> TASK DESCRIPTION
Restate the entries below in full, exactly as they read, but without pictures.

*** DATA RECORDS Section Begins ***

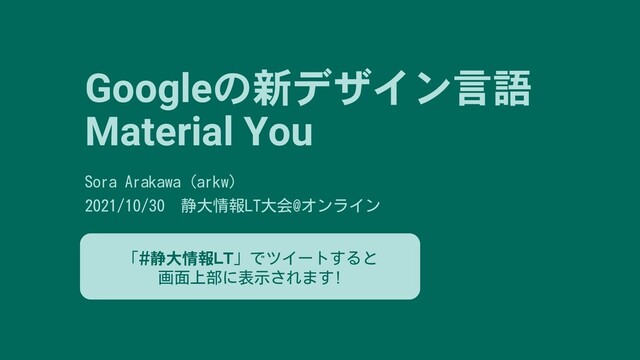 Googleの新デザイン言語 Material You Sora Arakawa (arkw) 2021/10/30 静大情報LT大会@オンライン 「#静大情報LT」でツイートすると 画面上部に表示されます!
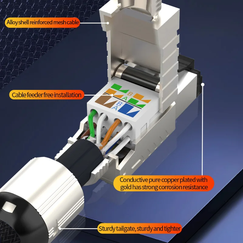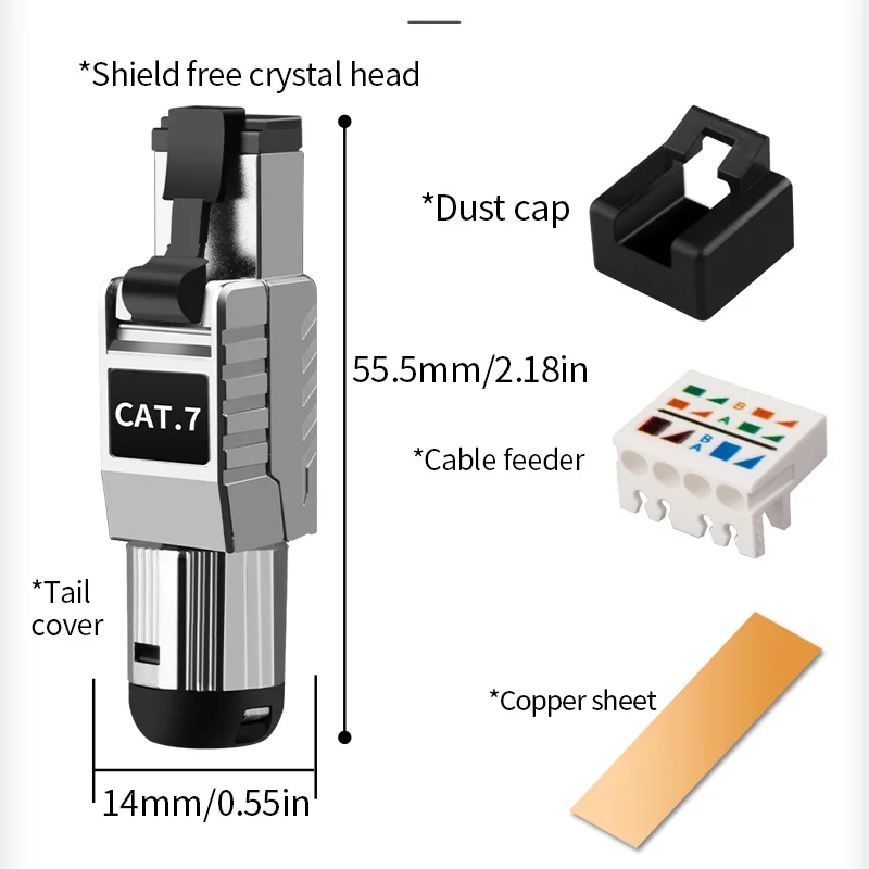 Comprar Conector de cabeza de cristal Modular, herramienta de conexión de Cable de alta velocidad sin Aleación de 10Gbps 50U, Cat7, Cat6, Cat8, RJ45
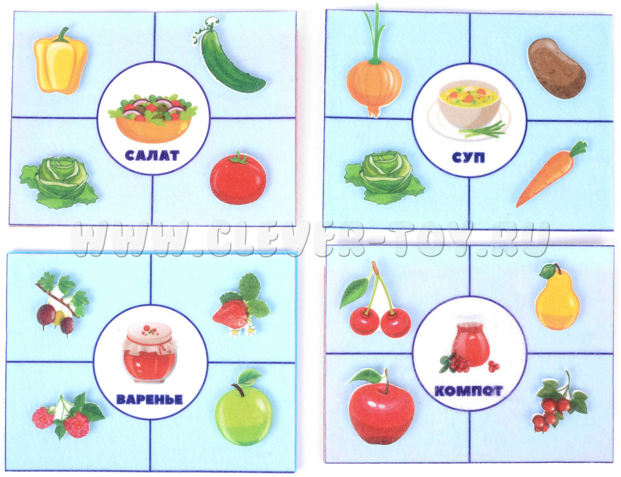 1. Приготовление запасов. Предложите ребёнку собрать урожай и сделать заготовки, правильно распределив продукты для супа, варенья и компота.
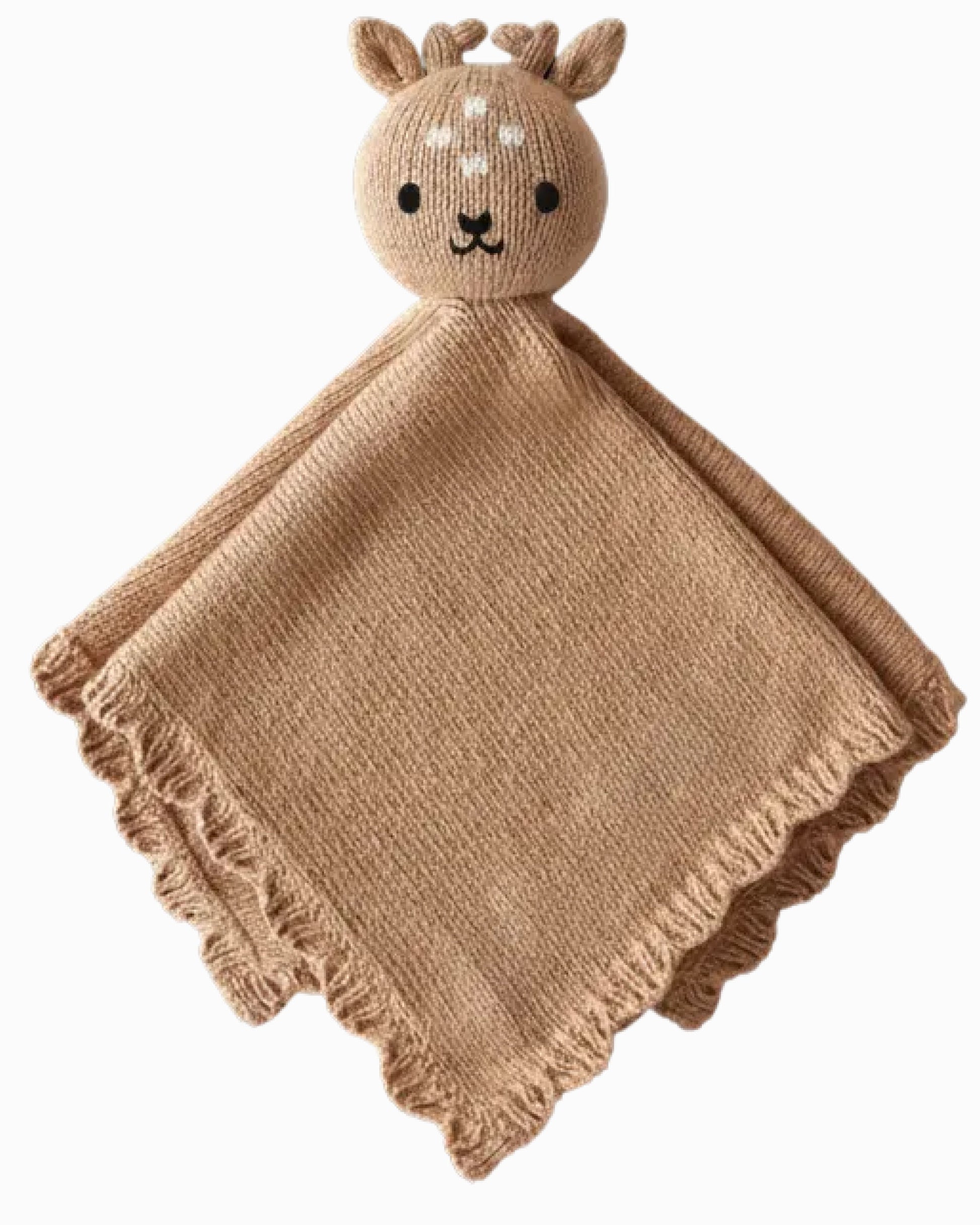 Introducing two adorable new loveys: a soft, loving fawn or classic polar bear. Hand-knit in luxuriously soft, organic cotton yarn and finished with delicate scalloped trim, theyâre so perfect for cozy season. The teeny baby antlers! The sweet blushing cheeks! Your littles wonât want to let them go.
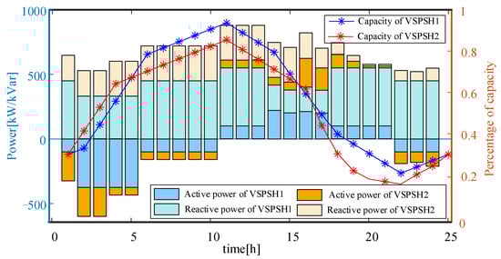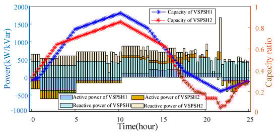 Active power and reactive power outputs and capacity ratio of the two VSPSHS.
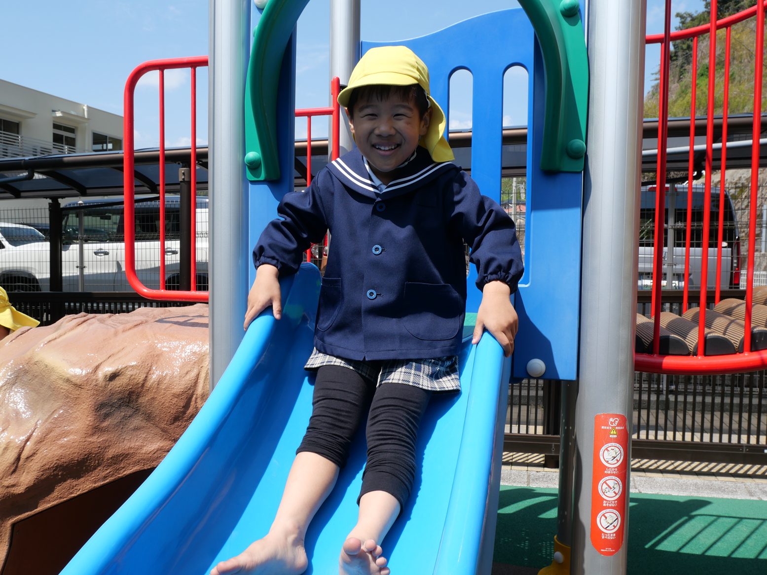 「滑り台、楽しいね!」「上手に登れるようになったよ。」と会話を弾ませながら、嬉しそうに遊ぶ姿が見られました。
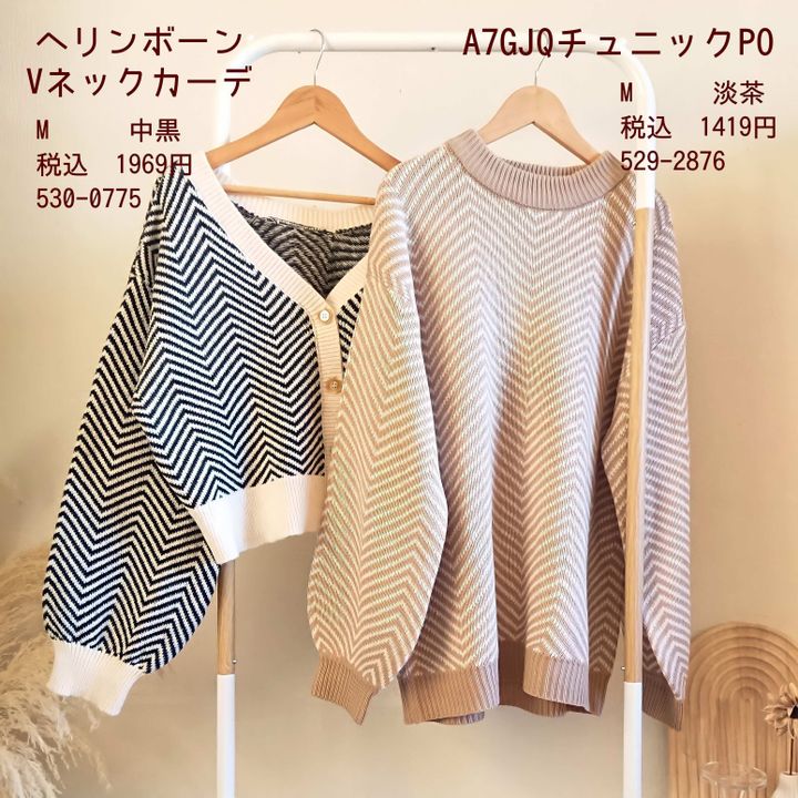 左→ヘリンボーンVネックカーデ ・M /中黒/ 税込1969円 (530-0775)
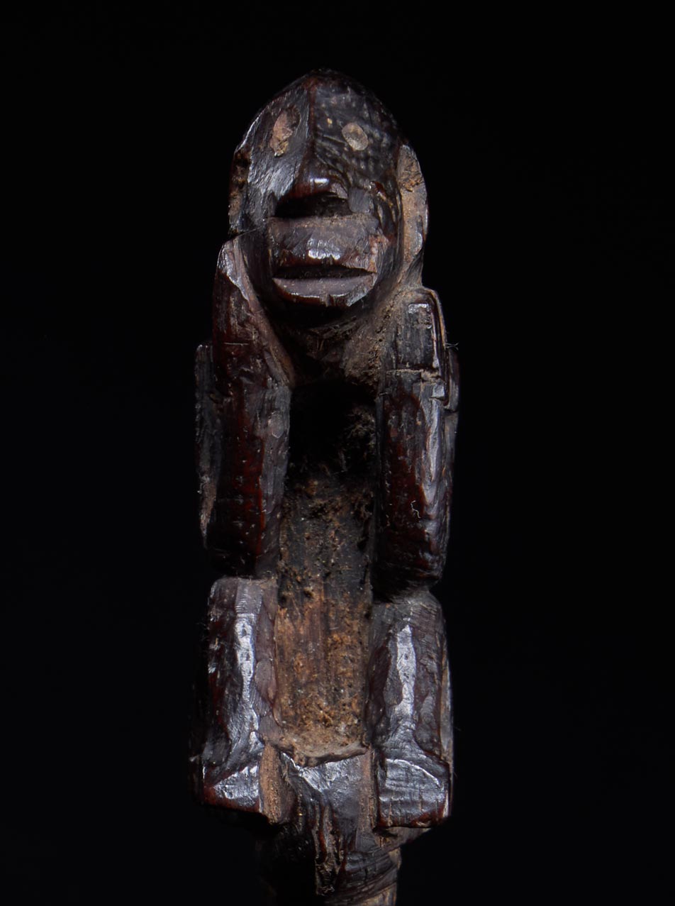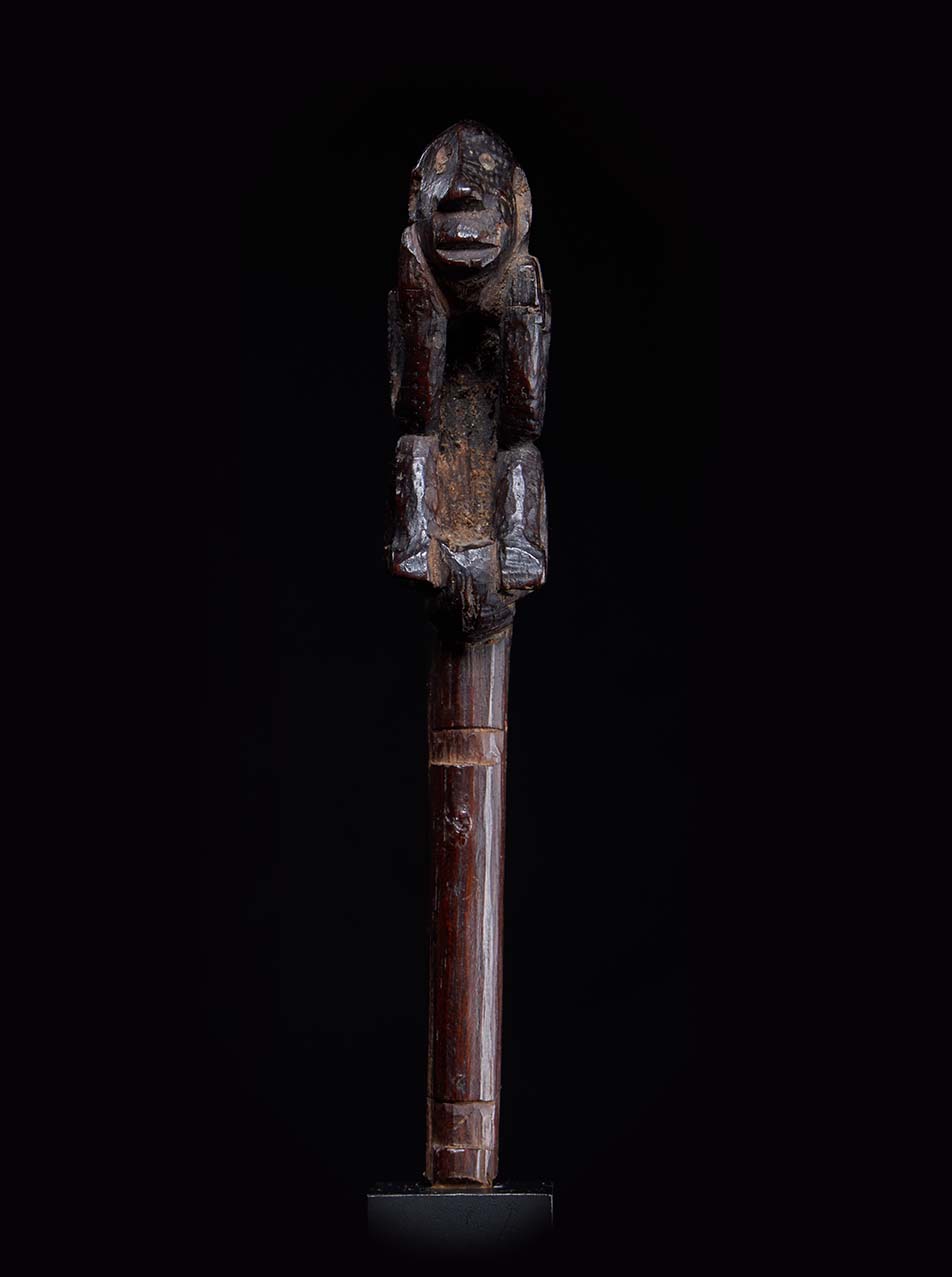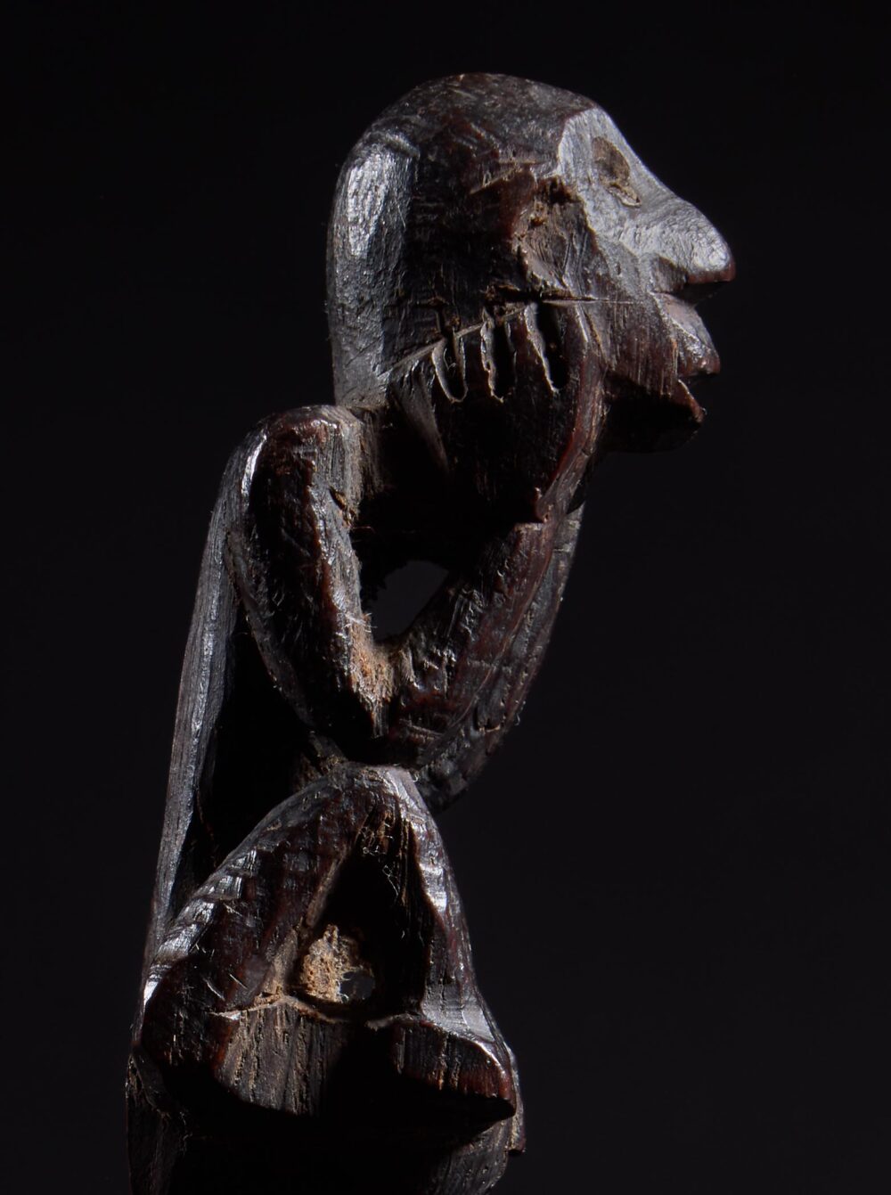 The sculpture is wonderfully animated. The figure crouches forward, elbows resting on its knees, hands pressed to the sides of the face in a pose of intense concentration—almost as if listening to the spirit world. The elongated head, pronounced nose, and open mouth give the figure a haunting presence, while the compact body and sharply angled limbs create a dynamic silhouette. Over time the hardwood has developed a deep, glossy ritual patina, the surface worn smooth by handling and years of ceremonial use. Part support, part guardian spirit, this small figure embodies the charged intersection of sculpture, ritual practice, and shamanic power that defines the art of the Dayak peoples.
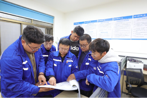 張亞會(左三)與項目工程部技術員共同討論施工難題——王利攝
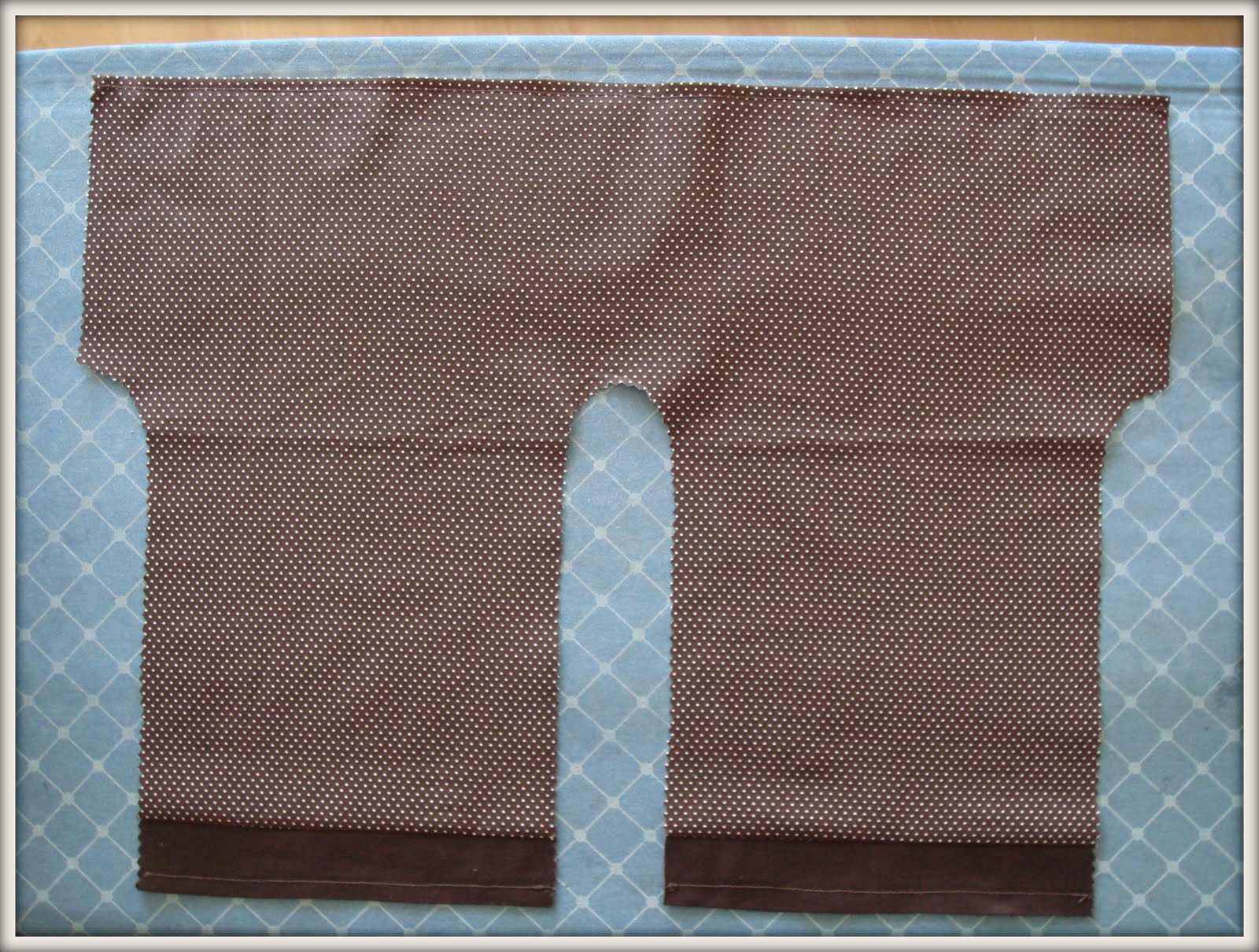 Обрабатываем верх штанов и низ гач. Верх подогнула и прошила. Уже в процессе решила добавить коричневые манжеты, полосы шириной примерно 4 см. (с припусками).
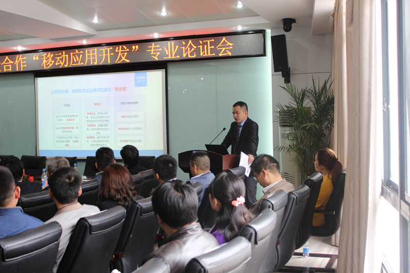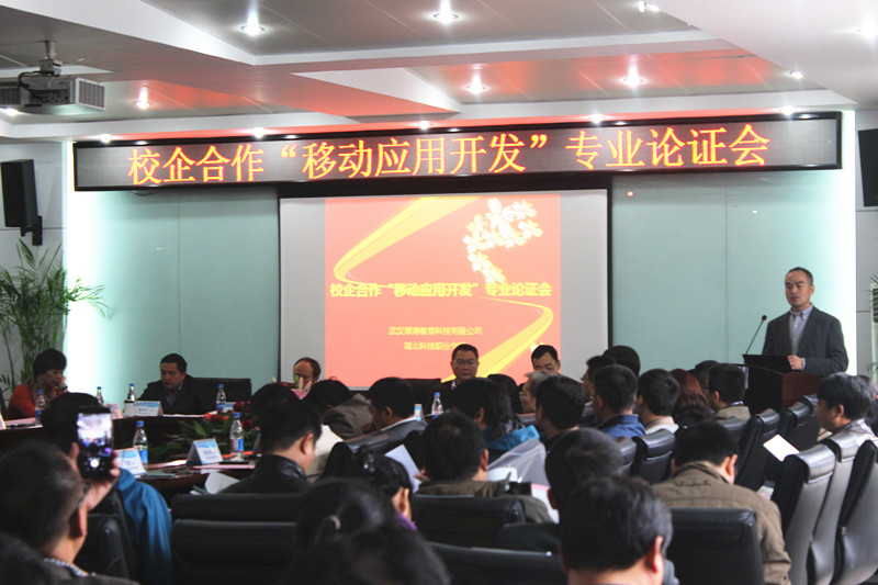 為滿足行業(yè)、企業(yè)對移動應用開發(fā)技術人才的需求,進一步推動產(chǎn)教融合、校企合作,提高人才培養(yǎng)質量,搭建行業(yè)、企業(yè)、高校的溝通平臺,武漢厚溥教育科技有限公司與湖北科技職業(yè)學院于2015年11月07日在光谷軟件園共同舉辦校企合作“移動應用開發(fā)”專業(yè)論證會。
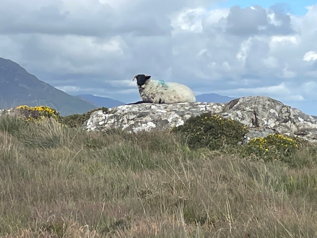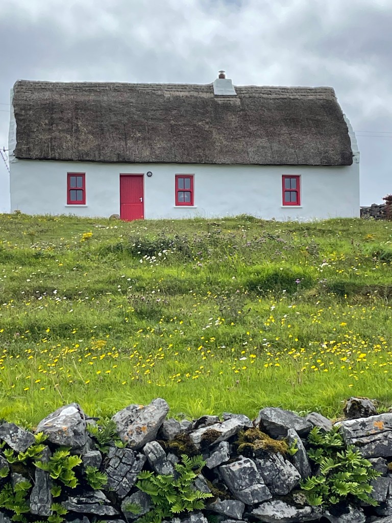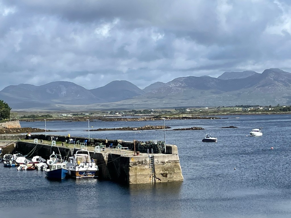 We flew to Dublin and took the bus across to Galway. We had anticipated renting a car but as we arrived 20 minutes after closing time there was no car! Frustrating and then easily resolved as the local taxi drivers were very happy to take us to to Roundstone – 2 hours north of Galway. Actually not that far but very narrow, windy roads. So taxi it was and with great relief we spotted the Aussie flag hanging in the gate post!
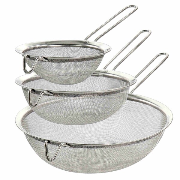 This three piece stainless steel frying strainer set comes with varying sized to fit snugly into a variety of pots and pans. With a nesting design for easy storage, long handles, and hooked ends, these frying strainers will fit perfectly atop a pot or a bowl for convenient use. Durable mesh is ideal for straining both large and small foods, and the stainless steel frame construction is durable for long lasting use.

*** DATA RECORDS Section Ends ***

> SOLVED EXERCISE
 Googleの新デザイン言語 Material You Sora Arakawa (arkw) 2021/10/30 静大情報LT大会@オンライン 「#静大情報LT」でツイートすると 画面上部に表示されます!
 Comprar Conector de cabeza de cristal Modular, herramienta de conexión de Cable de alta velocidad sin Aleación de 10Gbps 50U, Cat7, Cat6, Cat8, RJ45
 1. Приготовление запасов. Предложите ребёнку собрать урожай и сделать заготовки, правильно распределив продукты для супа, варенья и компота.
 Introducing two adorable new loveys: a soft, loving fawn or classic polar bear. Hand-knit in luxuriously soft, organic cotton yarn and finished with delicate scalloped trim, theyâre so perfect for cozy season. The teeny baby antlers! The sweet blushing cheeks! Your littles wonât want to let them go.
 Active power and reactive power outputs and capacity ratio of the two VSPSHS.
 「滑り台、楽しいね!」「上手に登れるようになったよ。」と会話を弾ませながら、嬉しそうに遊ぶ姿が見られました。
 左→ヘリンボーンVネックカーデ ・M /中黒/ 税込1969円 (530-0775)
 The sculpture is wonderfully animated. The figure crouches forward, elbows resting on its knees, hands pressed to the sides of the face in a pose of intense concentration—almost as if listening to the spirit world. The elongated head, pronounced nose, and open mouth give the figure a haunting presence, while the compact body and sharply angled limbs create a dynamic silhouette. Over time the hardwood has developed a deep, glossy ritual patina, the surface worn smooth by handling and years of ceremonial use. Part support, part guardian spirit, this small figure embodies the charged intersection of sculpture, ritual practice, and shamanic power that defines the art of the Dayak peoples.
 張亞會(左三)與項目工程部技術員共同討論施工難題——王利攝
 Обрабатываем верх штанов и низ гач. Верх подогнула и прошила. Уже в процессе решила добавить коричневые манжеты, полосы шириной примерно 4 см. (с припусками).
 為滿足行業(yè)、企業(yè)對移動應用開發(fā)技術人才的需求,進一步推動產(chǎn)教融合、校企合作,提高人才培養(yǎng)質量,搭建行業(yè)、企業(yè)、高校的溝通平臺,武漢厚溥教育科技有限公司與湖北科技職業(yè)學院于2015年11月07日在光谷軟件園共同舉辦校企合作“移動應用開發(fā)”專業(yè)論證會。
 We flew to Dublin and took the bus across to Galway. We had anticipated renting a car but as we arrived 20 minutes after closing time there was no car! Frustrating and then easily resolved as the local taxi drivers were very happy to take us to to Roundstone – 2 hours north of Galway. Actually not that far but very narrow, windy roads. So taxi it was and with great relief we spotted the Aussie flag hanging in the gate post!
 This three piece stainless steel frying strainer set comes with varying sized to fit snugly into a variety of pots and pans. With a nesting design for easy storage, long handles, and hooked ends, these frying strainers will fit perfectly atop a pot or a bowl for convenient use. Durable mesh is ideal for straining both large and small foods, and the stainless steel frame construction is durable for long lasting use.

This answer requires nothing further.